Records excerpted from a collection
.....
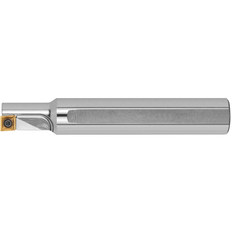 Codolo cilindrico. Uso: 1. Tornitura in piano di superfici frontali. 2. Foratura (allargatura e foratura integrale) − fondo del foro piano. 3. Tornitura longitudinale interna. 4. Tornitura longitudinale esterna. Nota: * Scegliere raggi di testa e dimensioni del supporto più grandi possibili. * Tolleranza del foro +0,15 mm (nei processi di foratura con utensile motorizzato). * In caso di foratura superiore al ⌀ nominale, rimarranno tracce di materiale residuo. * Durante le operazioni di foratura lavorare sempre usando il passaggio interno del lubrorefrigerante (minimo 5 bar). Dati tecnici Tipo di prodotto Barra alesatrice Tipo di impiego destra Passaggio interno per LR sì ⌀ Codolo Ds, mm 12 Inserto adatto ZCMX 05.. Lunghezza utile L1, mm 15 Set di viti per inserti 269028 40 (IP6;
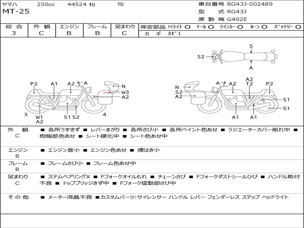 | Номер рамы / VIN | RG43J-002489 |
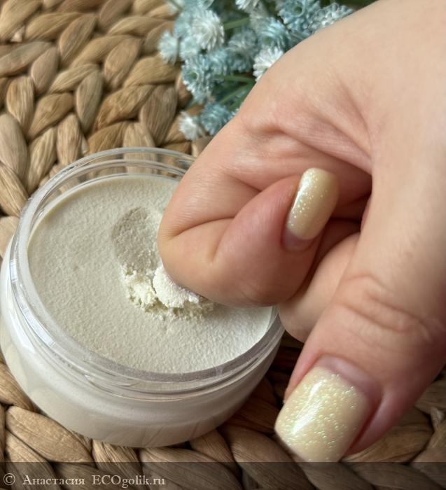 Дезодорант дает комфортное ощущение сухой, свежей кожи и ощутимый охлаждающий эффект) На финише остаются немного комочки, которые образовались при растирании. Для меня это в целом не критично, и на работу дезодоранта не влияет)
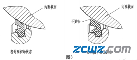 ③轴承密封圈不复位造成的喇叭口,密封圈在轴承摆动过程中,其头部A点卡在密封槽内,不能回到原始状态(见图3),须减小密封圈外径尺寸或减小密封圈头部宽度尺寸。
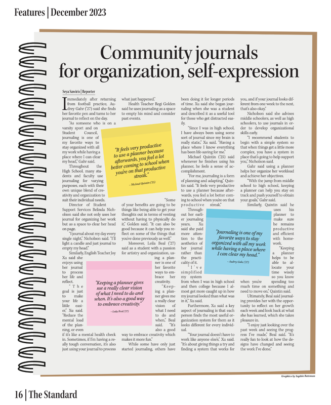 Although my role as Editor-in-Chief: Online no longer includes formal responsibilities for print, I’ve still made time to design a page or two this year. Previously, as Lead Features Editor during the 2023–24 school year, I was responsible for both print and online content, regularly laying out at least two pages for about five issues. Below are a few of my favorite designs from that time, which reflect my attention to visual storytelling. Click on each one to be taken to the PDF version of the story.
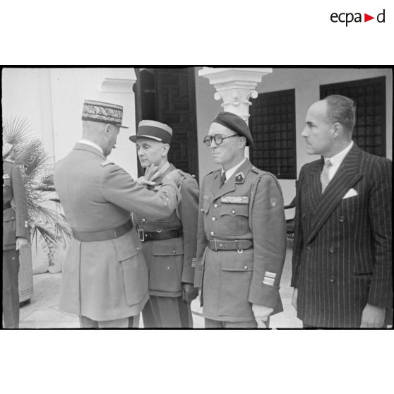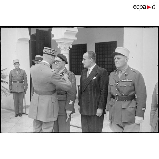 Remise de décorations aux soldats qui ont préparé le débarquement allié en Afrique du Nord par le général Giraud.
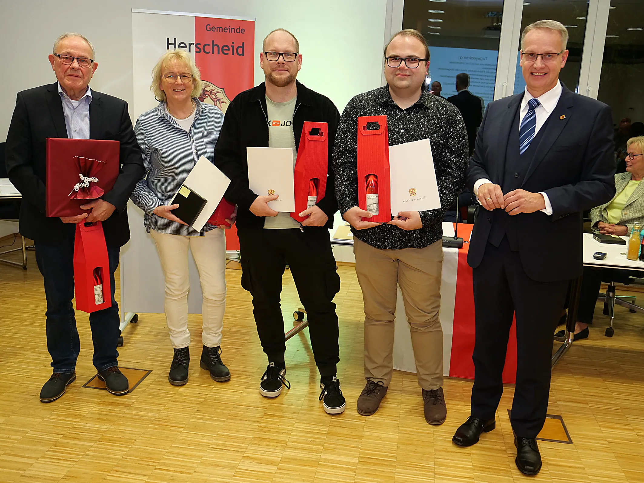 Des Weiteren wurden drei Herscheider Politiker und eine Politikerin geehrt, die aus dem Rat ausgeschieden sind. Fünf Wahlperioden gehörte Peter Reinhardt (SPD) dem Gemeinderat an; er schied mit dem Ende der Legislatur aus. Bürgermeister Uwe Schmalenbach zollte dem Sozialdemokraten größten Respekt und würdigte dessen großes Engagement, das auch und vor allem im Rechnungsprüfungsausschuss zu Tage getreten war. Diesem Gremium hatte Reinhardt seit 1999 ununterbrochen angehört und war dessen Vorsitzender seit 2011. Er habe die Zahlen stets im Kopf gehabt und sei überaus gut vorbereitet gewesen, lobte Schmalenbach, nannte ihn mit gebührendem Schalk „Mister Rechnungsprüfung“. Reinhardt war bereits früher mit der Goldenen Ehrenplakette bedacht worden; nun gab es erhielt zum Abschied ein Präsent.
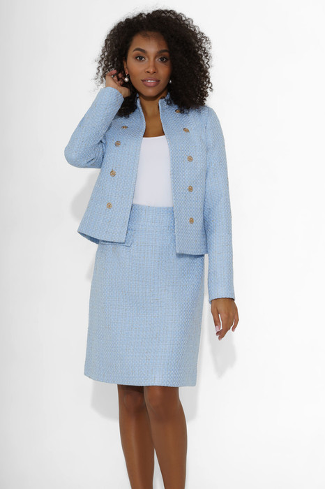 Юбка женская с небольшим расклешением к низу, на подкладке. Переднее полотнище в верхней части юбки с притачной кокеткой, талиевой вытачкой выходящей из кокетки и рельефными швами, выходящими из шва притачивания кокетки до низа. Немного ниже кокетки настрочены клапаны с прямыми углами, закрепленные пуговицей. Спинка юбки с талиевыми вытачками и средним швом, в котором обработана застежка на потайную тесьму-молнию. Средняя длина жакета по среднему шву - 49,0 см, Средняя длина рукава жакета - 61,0 см.
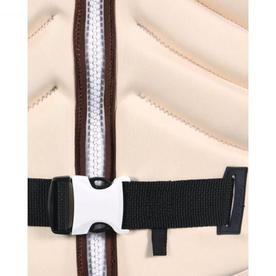 ・下部のバックルでベストが上の方にズレるのを防ぎます。
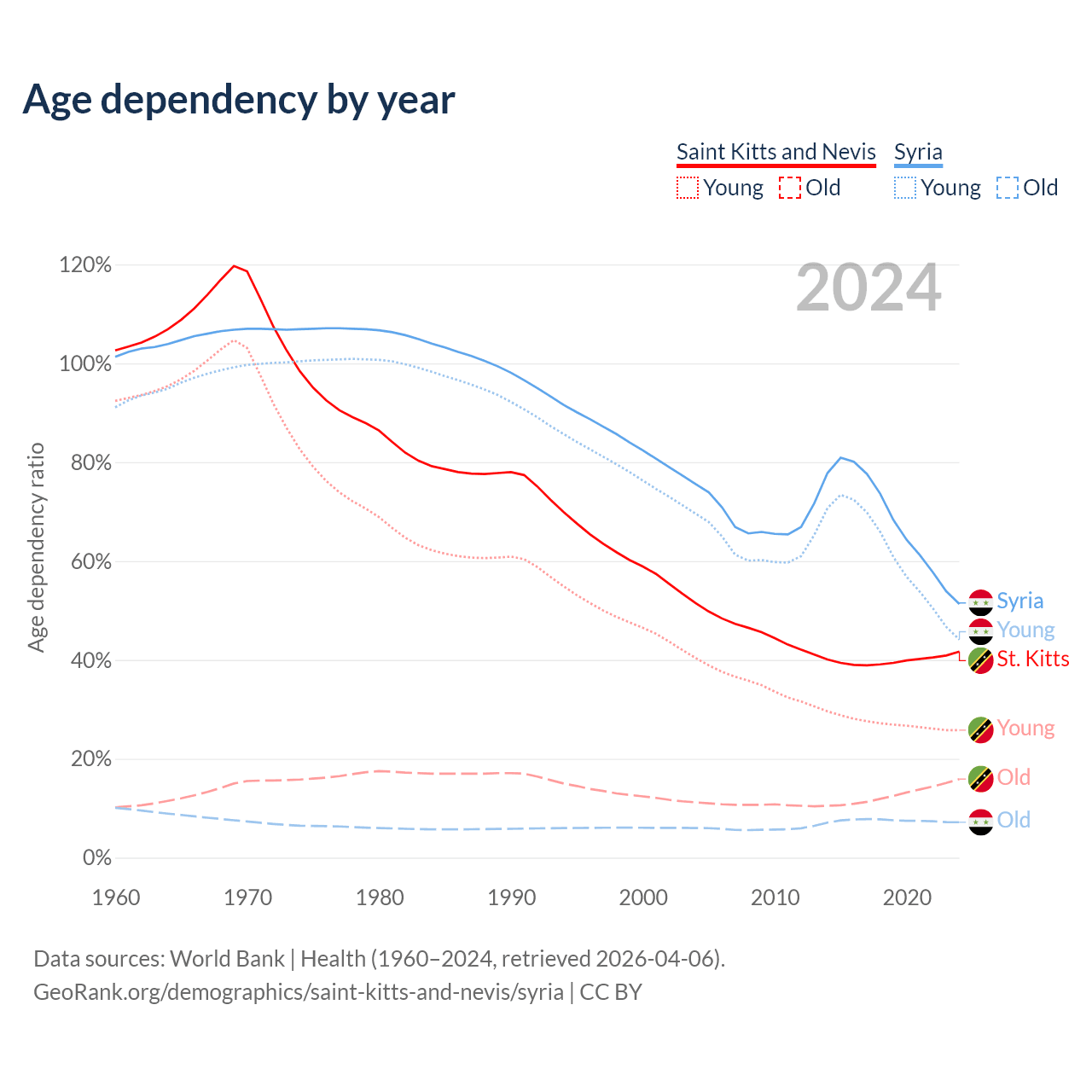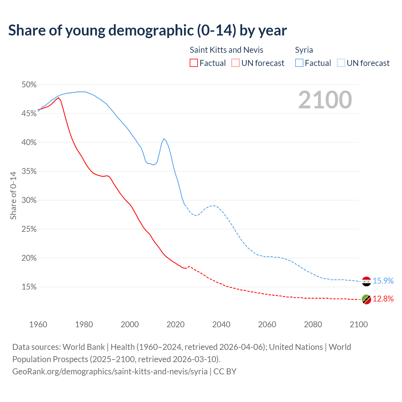 - The share of young demographic (0-15 years old) in Saint Kitts and Nevis is 18.2% vs 29.2% in Syria.
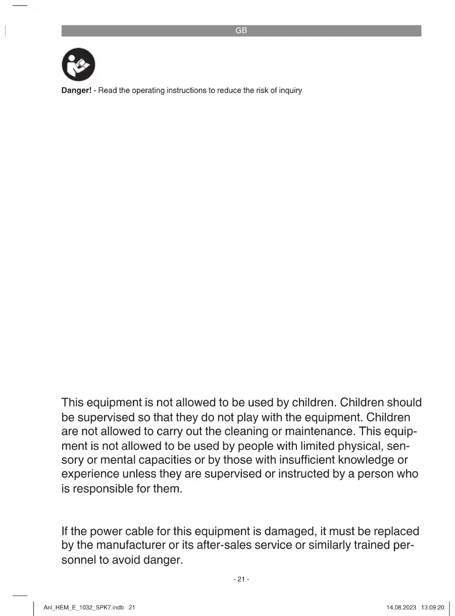 Danger! - Read the operating instructions to reduce the risk of inquiry This equipment is not allowed to be used by children. Children should be supervised so that they do not play with the equipment. Children are not allowed to carry out the cleaning or maintenance. This equip- ment is not allowed to be used by people with limited physical, sen- sory or mental capacities or by those with insuffi cient knowledge or experience unless they are supervised or instructed by a person who is responsible for them. If the power cable for this equipment is damaged, it must be replaced by the manufacturer or its after-sales service or similarly trained per- sonnel to avoid danger. Anl_HEM_E_1032_SPK7.indb 21Anl_HEM_E_1032_SPK7.indb 21 14.08.2023 13:09:2014.08.2023 13:09:20GB
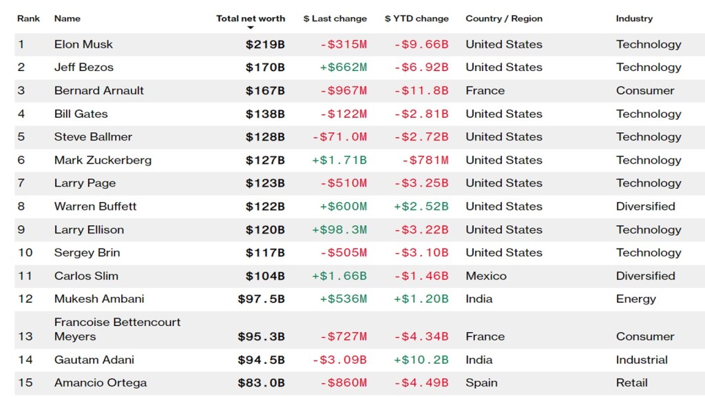 દુનિયાના ધનિકોની યાદીમાં અમેરિકાનો દબદબો રહ્યો છે. ટોપ-10 બિલિયોનર્સમાં 9 અમેરિકન ધનાઢ્યો છે. દુનિયાના સૌથી ધનિક વ્યક્તિ છે ટેસ્લા કંપની અને ટ્વિટરના માલિક એલોન મસ્ક, તેમની પાસે 219 અબજ ડોલર સંપત્તિ છે. તો એમેઝોનના સીઇઓ જેફ બેઝોસ 170 અબજ ડોલરની સંપત્તિ સાથે બીજા ક્રમે અને ફ્રાન્સના ઉદ્યોગપતિ બર્નાર્ડ આર્નોલ્ટ 167 અબજડોલરની સંપત્તિ સાથે દુનિયાના ત્રીજા સૌથી ધનિક વ્યક્તિ છે.
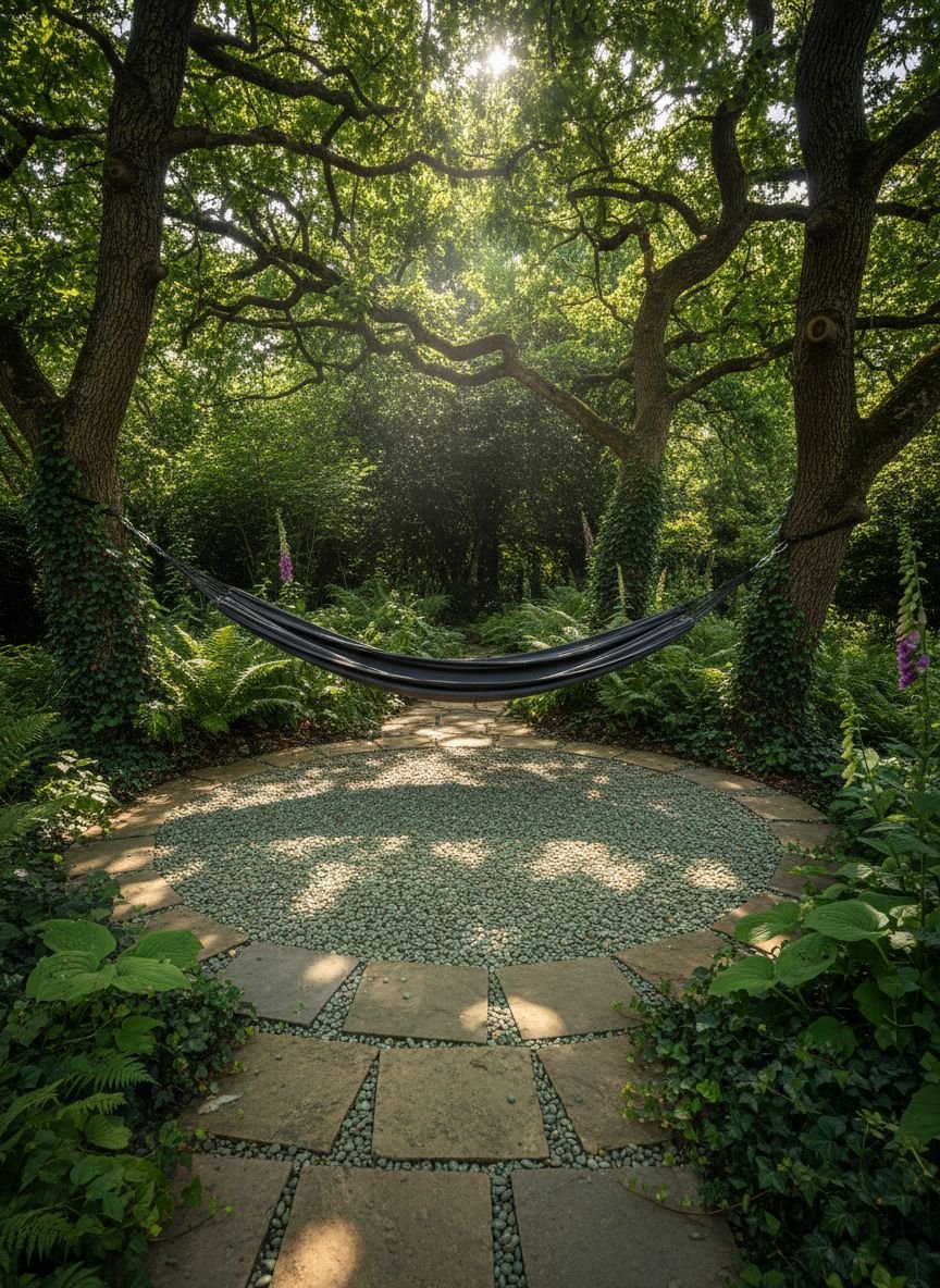 Relaxing Hammock Retreat with Pebble Flooring
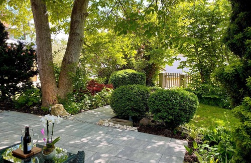 approx. 400 sqm private garden, completely fenced except for the open driveway, three car parking spaces, beautifully ingrown garden with mature trees
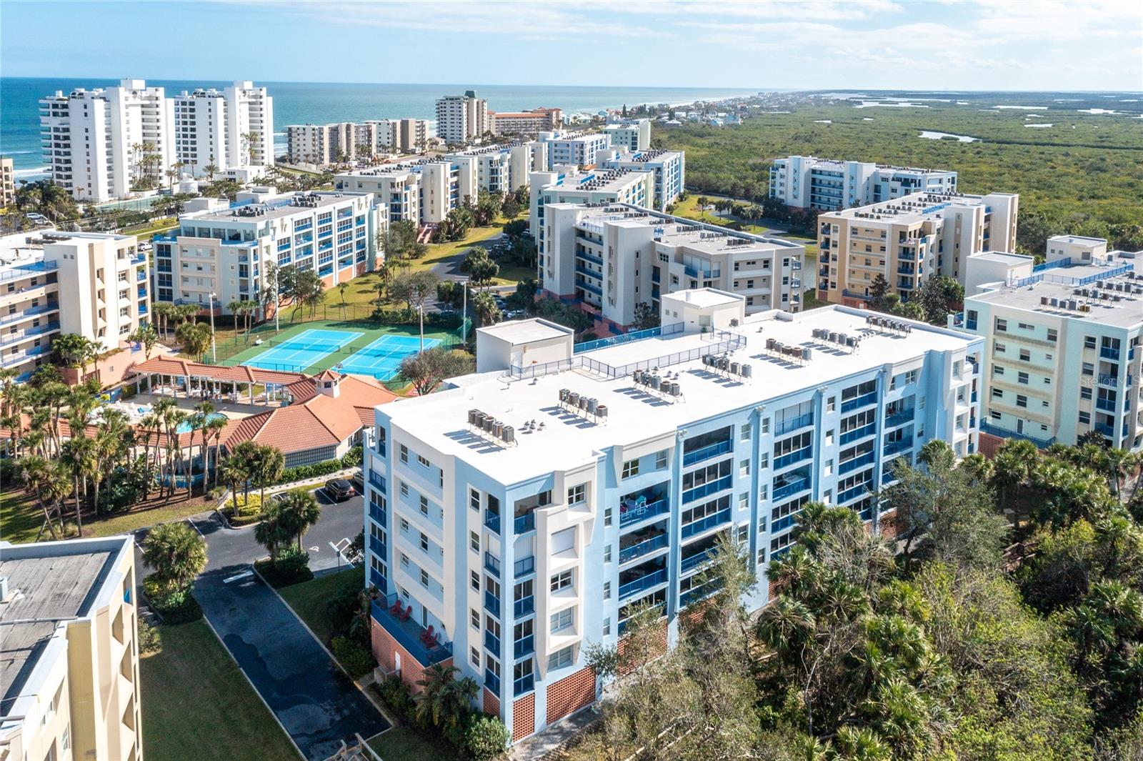 The Oceanwalk in New Smyrna Beach is the perfect luxury beachside retreat with tons of amenities to keep you active! This beautiful gated community is located at the south end of the peninsula, just across from the no drive beach. If you're looking for a great vacation rental, 2nd home or even a primary residence, this condo is a must see! This spacious condo is a corner unit on the 2nd floor, it is one of the largest units over 1700 sqft. It is located across from the clubhouse, the shuffleboard court, tennis courts, gym, and the largest of 2 pools. It features 3 bedrooms and 2 full bathrooms, fully furnished and equipped for short term rental, all new appliances, washer, dryer, HVAC, new tile flooring throughout, new linens, towels, curtains, LED lighting, large open floor plan with ample seating and 3 balconies, where you can find your morning inspiration or reflect on your day as you enjoy the brilliant sunrises and sunsets. The kitchen is perfect for preparing your beach snacks or a large meal to entertain family and friends. Immerse yourself in the salt life of NSB in tranquility on the south side near Canaveral seashore or spend the day shopping and enjoying delicious food from the local restaurants on Flagler Ave and Canal St. Don't miss out on this opportunity to own a piece of beachside paradise! This condo comes turn key and has it all!
.....
TASK = Repeat the exact lines from the first line of the data through the line containing "Дезодорант дает комфортное". Nothing else, no pictures.

RESULT FOR THIS EXERCISE =
 Codolo cilindrico. Uso: 1. Tornitura in piano di superfici frontali. 2. Foratura (allargatura e foratura integrale) − fondo del foro piano. 3. Tornitura longitudinale interna. 4. Tornitura longitudinale esterna. Nota: * Scegliere raggi di testa e dimensioni del supporto più grandi possibili. * Tolleranza del foro +0,15 mm (nei processi di foratura con utensile motorizzato). * In caso di foratura superiore al ⌀ nominale, rimarranno tracce di materiale residuo. * Durante le operazioni di foratura lavorare sempre usando il passaggio interno del lubrorefrigerante (minimo 5 bar). Dati tecnici Tipo di prodotto Barra alesatrice Tipo di impiego destra Passaggio interno per LR sì ⌀ Codolo Ds, mm 12 Inserto adatto ZCMX 05.. Lunghezza utile L1, mm 15 Set di viti per inserti 269028 40 (IP6;
 | Номер рамы / VIN | RG43J-002489 |
 Дезодорант дает комфортное ощущение сухой, свежей кожи и ощутимый охлаждающий эффект) На финише остаются немного комочки, которые образовались при растирании. Для меня это в целом не критично, и на работу дезодоранта не влияет)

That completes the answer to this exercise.